Data records
Content starts

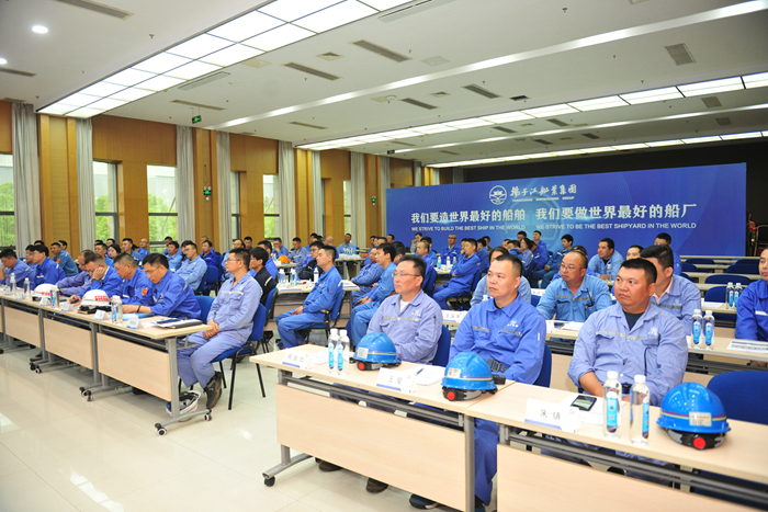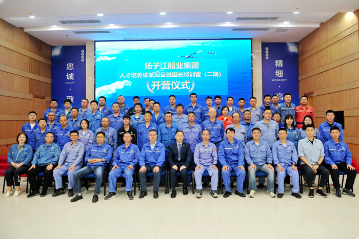5月21日,揚(yáng)子江船業(yè)集團(tuán)人才培養(yǎng)續(xù)航項(xiàng)目第二期基本工班組長(zhǎng)特訓(xùn)營(yíng)開(kāi)營(yíng)儀式在新?lián)P子行政大樓多功能廳順利舉行。新?lián)P子造船副總經(jīng)理倪榮,新?lián)P子造船總經(jīng)理助理兼集團(tuán)綜合管理部部長(zhǎng)茆宏兆,揚(yáng)子鑫福造船總經(jīng)理助理劉銀君,以及各子公司生產(chǎn)管理部、質(zhì)量管理部、綜合管理?xiàng)l線的相關(guān)領(lǐng)導(dǎo)、特訓(xùn)營(yíng)所有學(xué)員、行動(dòng)導(dǎo)師,共計(jì)82人參加了開(kāi)營(yíng)儀式。
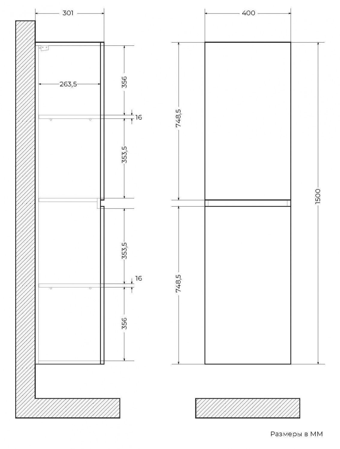 Шкаф пенал Art&Max Elegant 40 AM-ELEGANT-1500-2А-SO-NM-LED подвесной
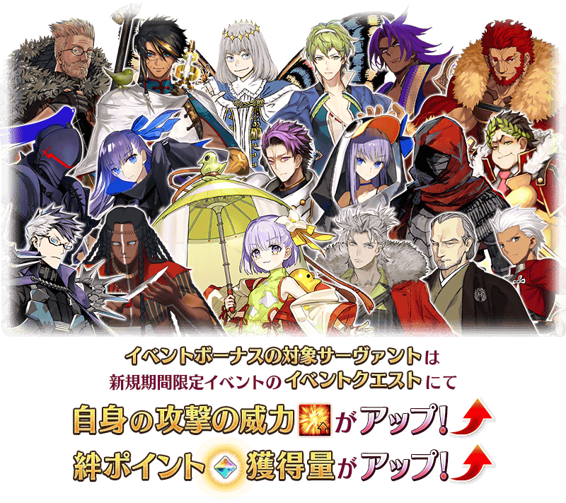 新規期間限定イベントの期間中、一部のサーヴァントはイベントクエストにおける「自身の攻撃の威力がアップ」と「絆ポイント獲得量がアップ」のボーナスを得られます!
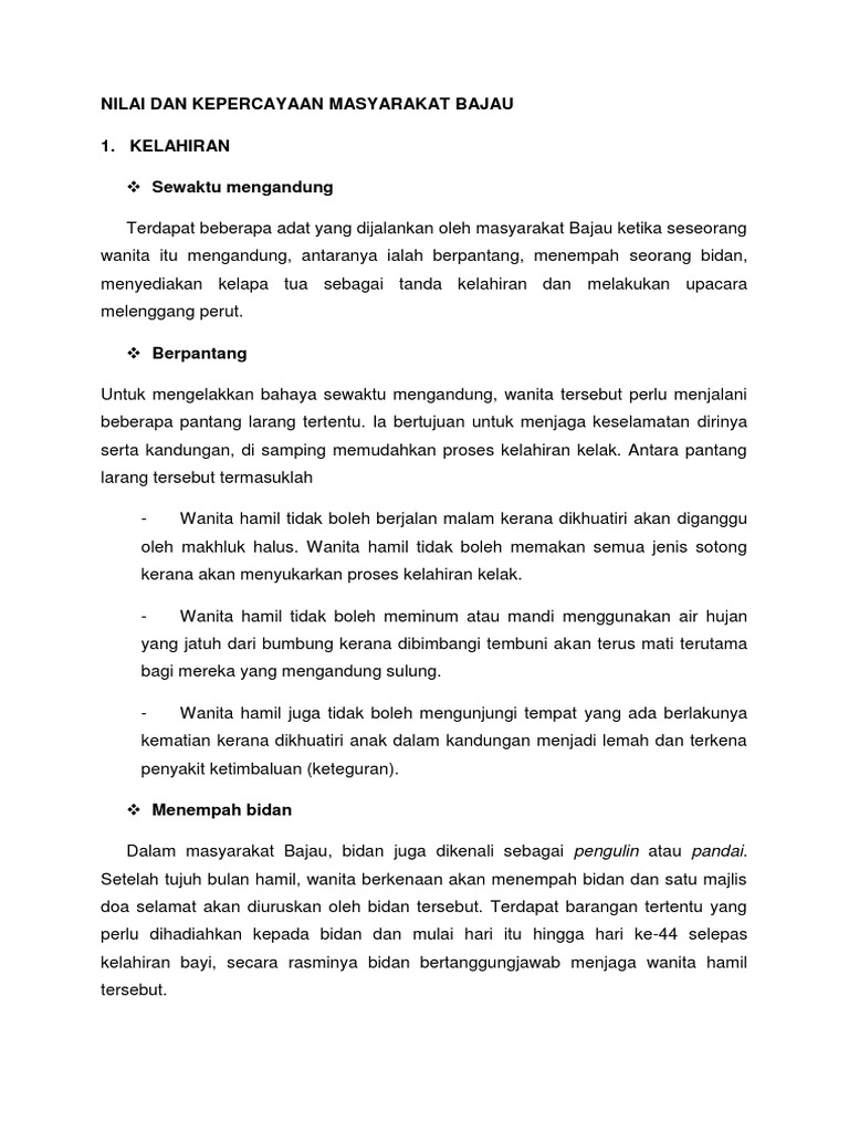 632009 Kepercayaan orang bajau. Beberapa pantang larang harus dipatuhi oleh wanita bajau yang mengandung antaranya ialah wanita hamil tidak boleh berjalan malam kerana dikhuatiri akan diganggu oleh makhluk halus. Antara adat yang digunapakai sehingga hari ini ialah.
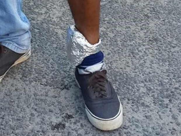 De acordo com a ocorrência, uma guarnição da PM realiza patrulhamento de rotina pela região quando avistou o suspeito transitando de bicicleta, feito a abordagem e constatado que ele estava sendo monitorado, porém com papel alumínio enrolado na tornozeleira.
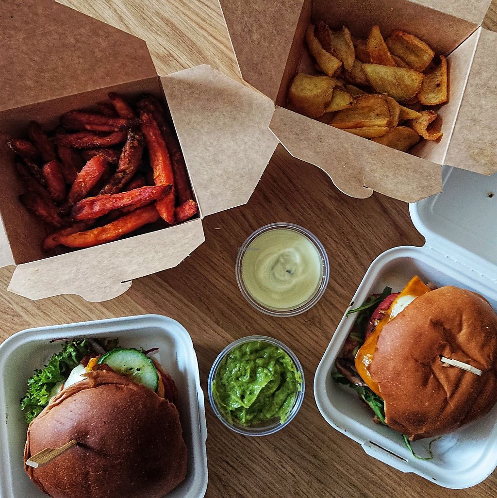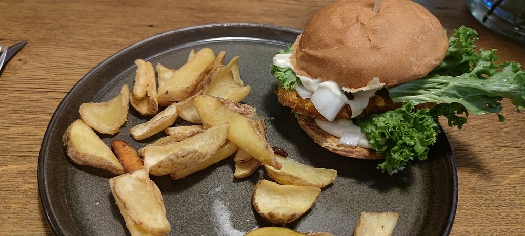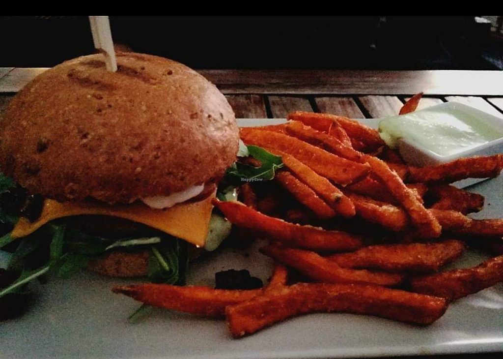 I tried the "chicken" burger with fries and it was delicious, tasted some of the cheesecake as well and it was super good as well. They also make cocktails which are great and not super sweet.
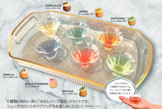 味わいの変化を楽しめるスイーツ体験!シューマカロンとのペアリングハーブ緑茶セット。
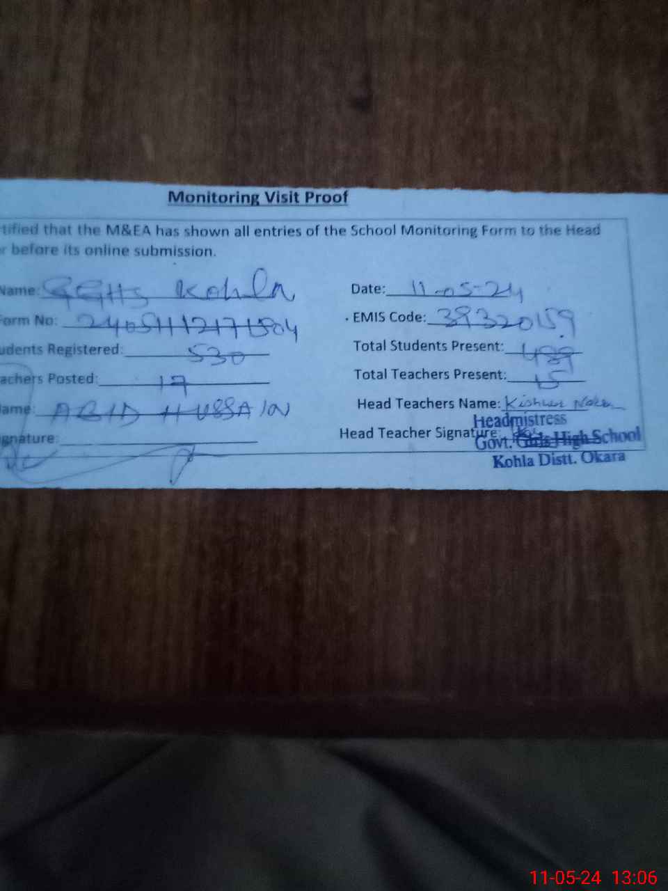 | Name: KI**** NA**** Designation: (School Headmaster's/Headmistress's) S.S.T.(Science) Phone/Cell Number: 03**** |
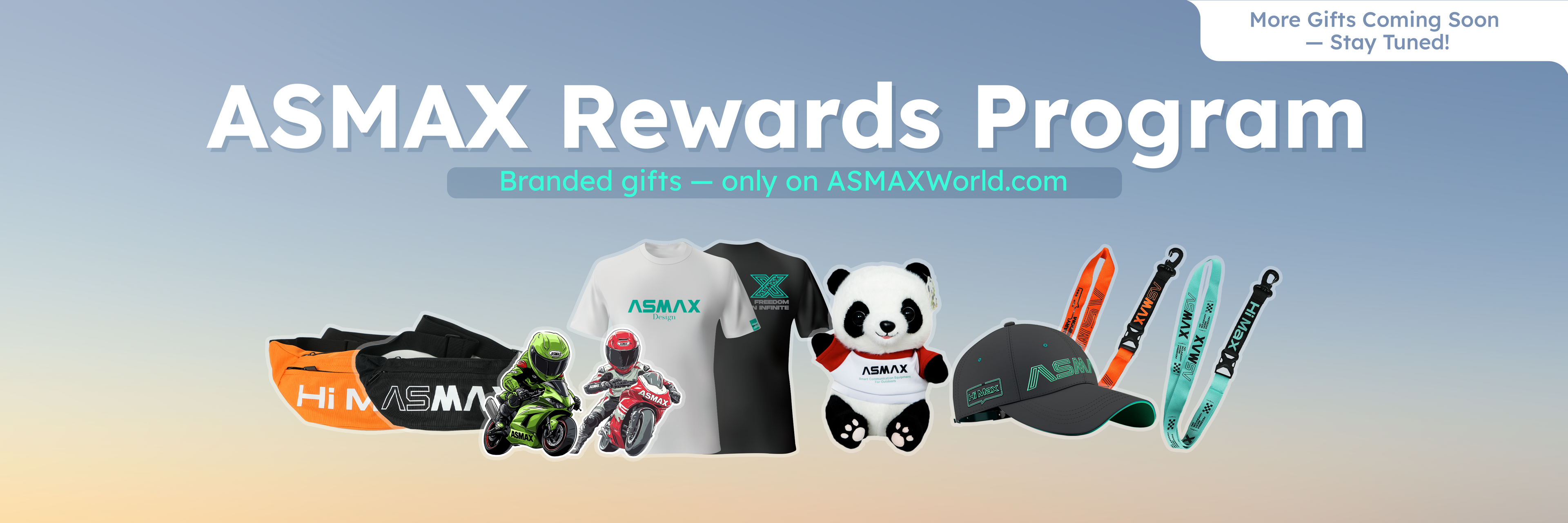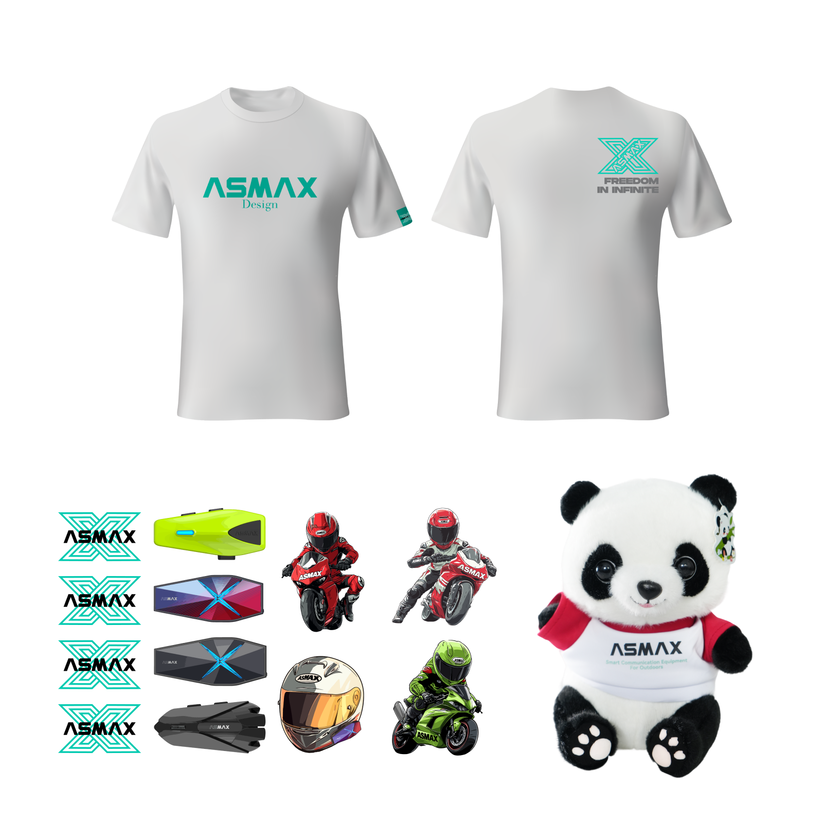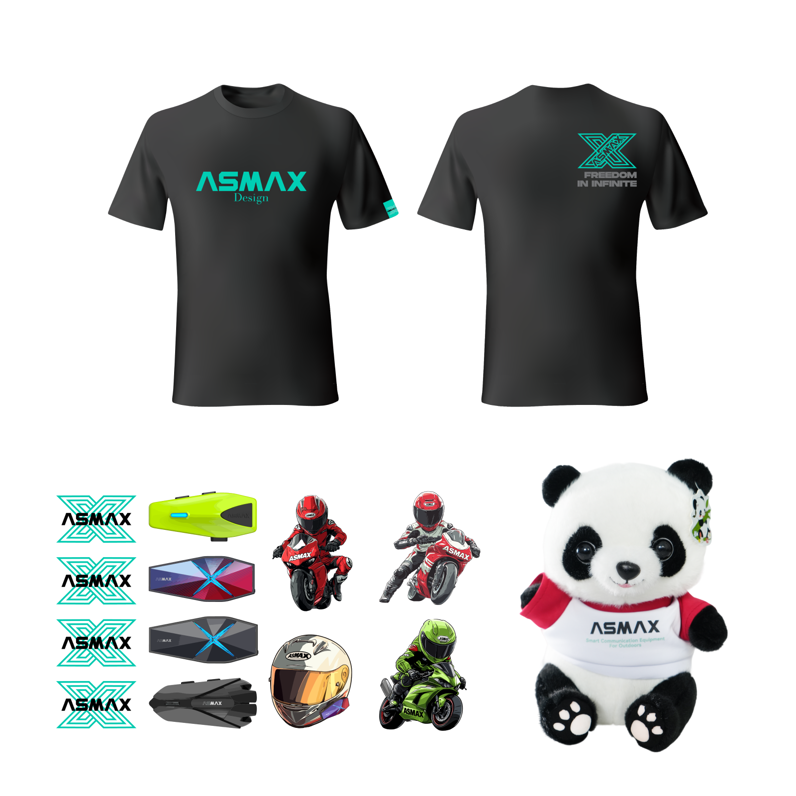Includes an ASMAX T-shirt, Panda plush, and sticker pack — a perfect combo for every ASMAX rider.
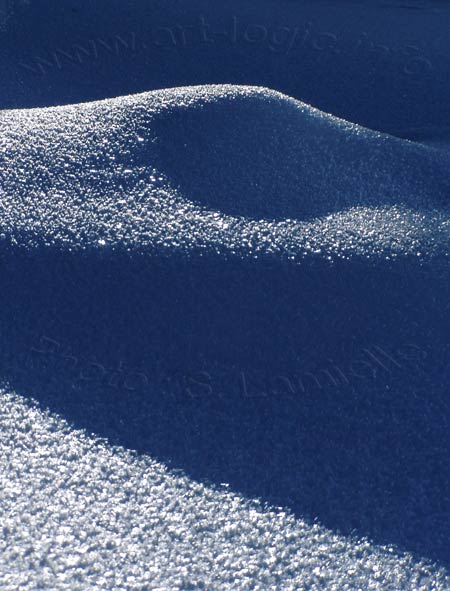 Homogene or not structured snow is difficult to photograph. White or reflecting the sky, snow does not have contrast. The search for volumes, curves, grains, shadows is recommended to take snowed photos.
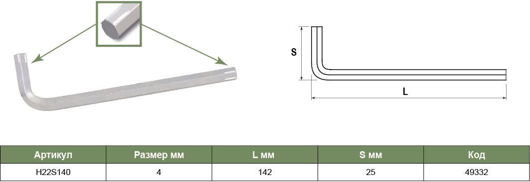 Серия специальных укороченных угловых шестигранных ключей "H22S", изготовлена из стали S2 и применяется для обслуживания резьбовых крепежных деталей с внутренним шестигранным рабочим профилем, в том числе, изношенным до 30%, за счет применения особой формы насечек на рабочих частях изделий.
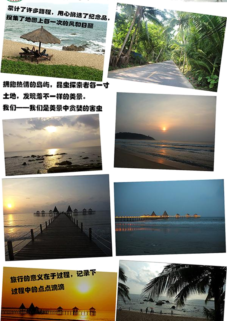 海南的旅游资源十分丰富,极富特色,海岸带景观:在海南长达1528公里的海岸线上,沙岸约占50~60%,沙滩宽数百米至数千米不等,向海面坡度一般为5度,缓缓延伸;多数地方风平浪静,海水清澈,沙白如絮,清洁柔软;岸边绿树成荫,空气清新;海水温度一般为 18~30℃,阳光充足明媚,一年中多数时间可进行海浴、日光浴、沙浴和风浴。当今国际旅游者喜爱的阳光、海水、沙滩、绿色、空气这5个要素,海南环岛沿岸均兼而有之。昆虫俱乐部带您海南春节自驾游!
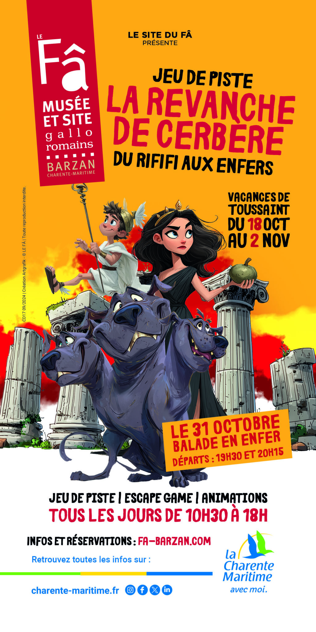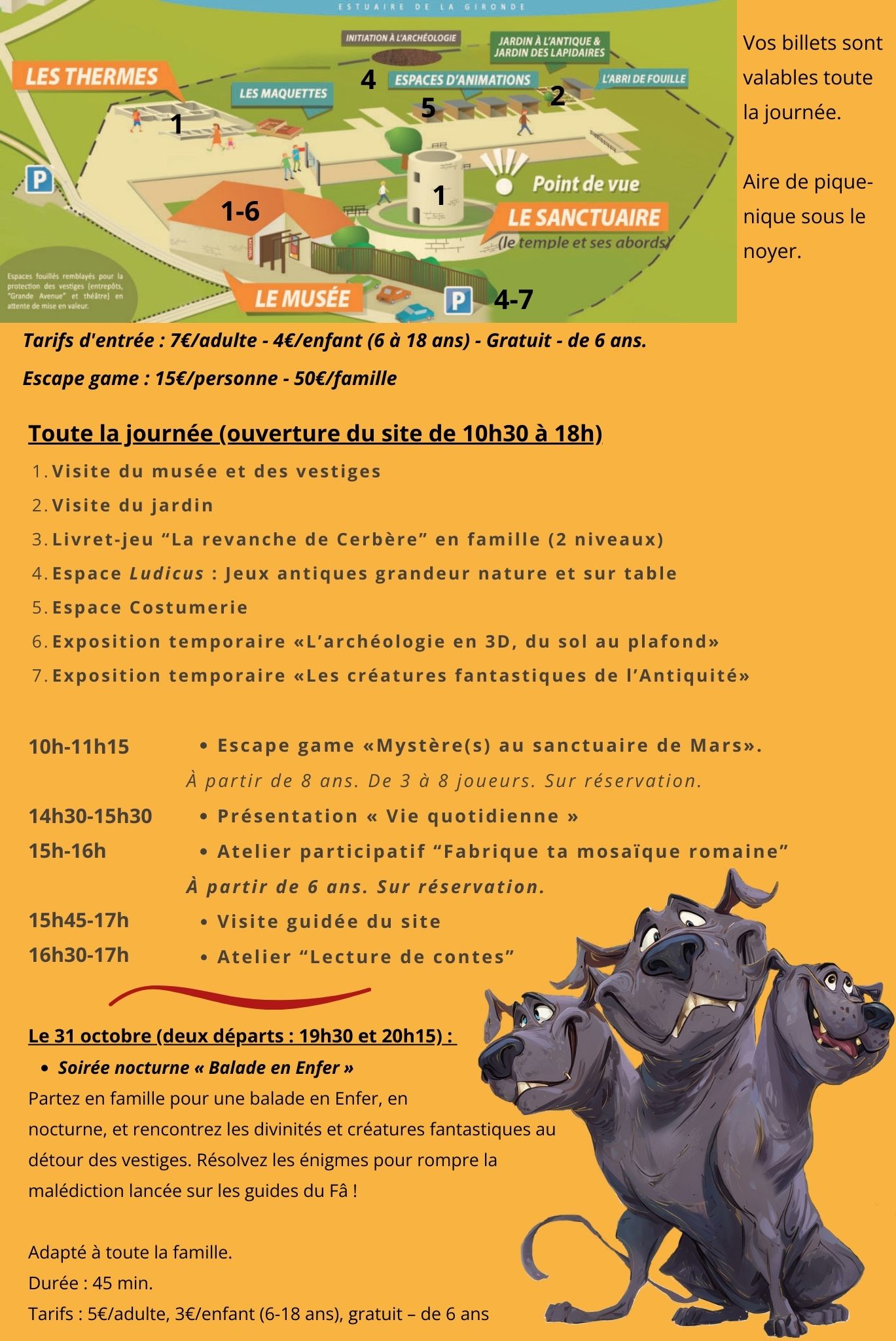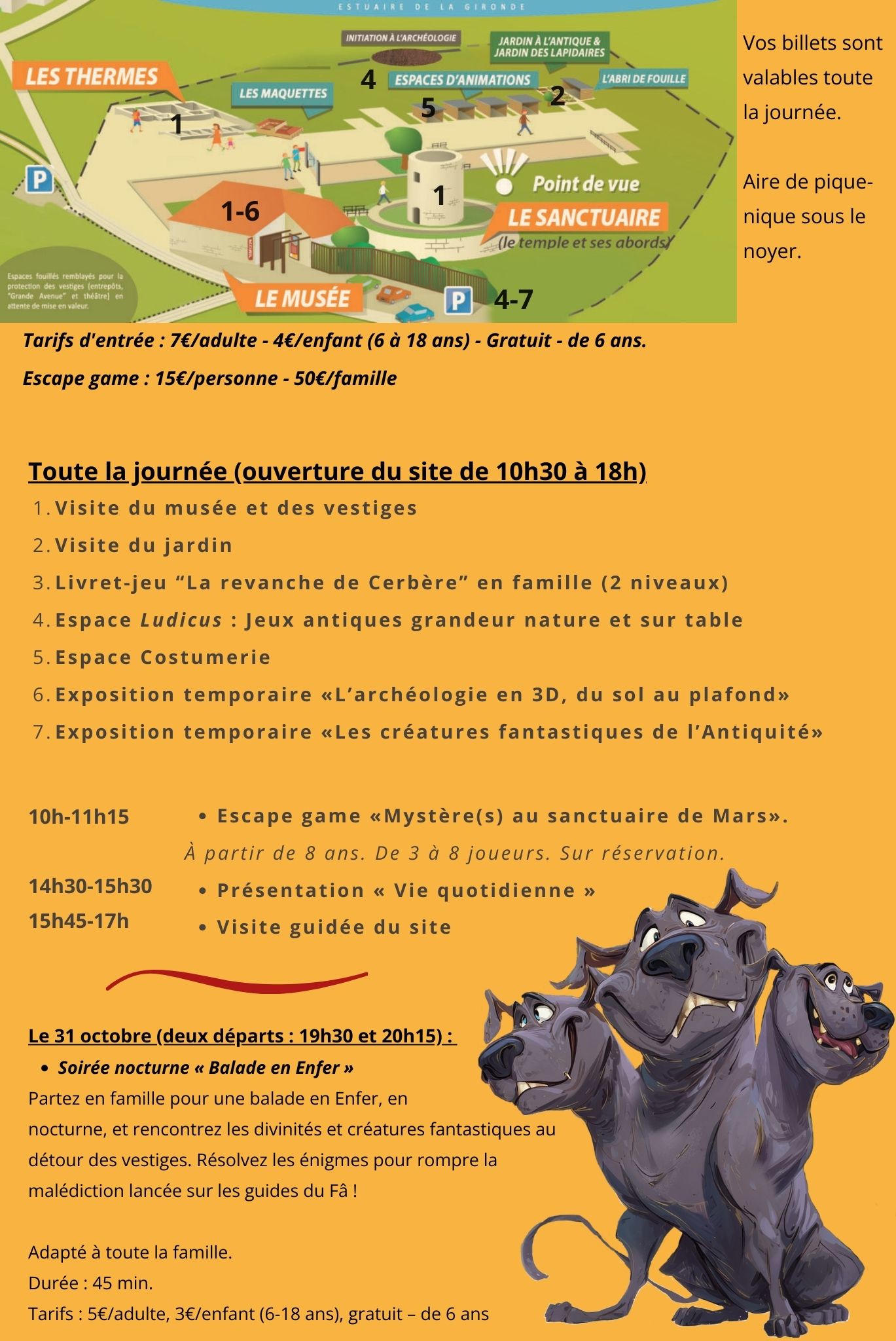 - Parcours-jeu « La revanche de Cerbère » en autonomie (2 niveaux: 6-10 ans & 10-14 ans).

Content ends

**REQUIRED ACTION:** For this exercise, set down the lines in the entries above from the one with "Number: 03**** |" through the one with "Homogene or not" exactly as written, without any pictures.

**EXPECTED ANSWER:**
 | Name: KI**** NA**** Designation: (School Headmaster's/Headmistress's) S.S.T.(Science) Phone/Cell Number: 03**** |
Includes an ASMAX T-shirt, Panda plush, and sticker pack — a perfect combo for every ASMAX rider.
 Homogene or not structured snow is difficult to photograph. White or reflecting the sky, snow does not have contrast. The search for volumes, curves, grains, shadows is recommended to take snowed photos.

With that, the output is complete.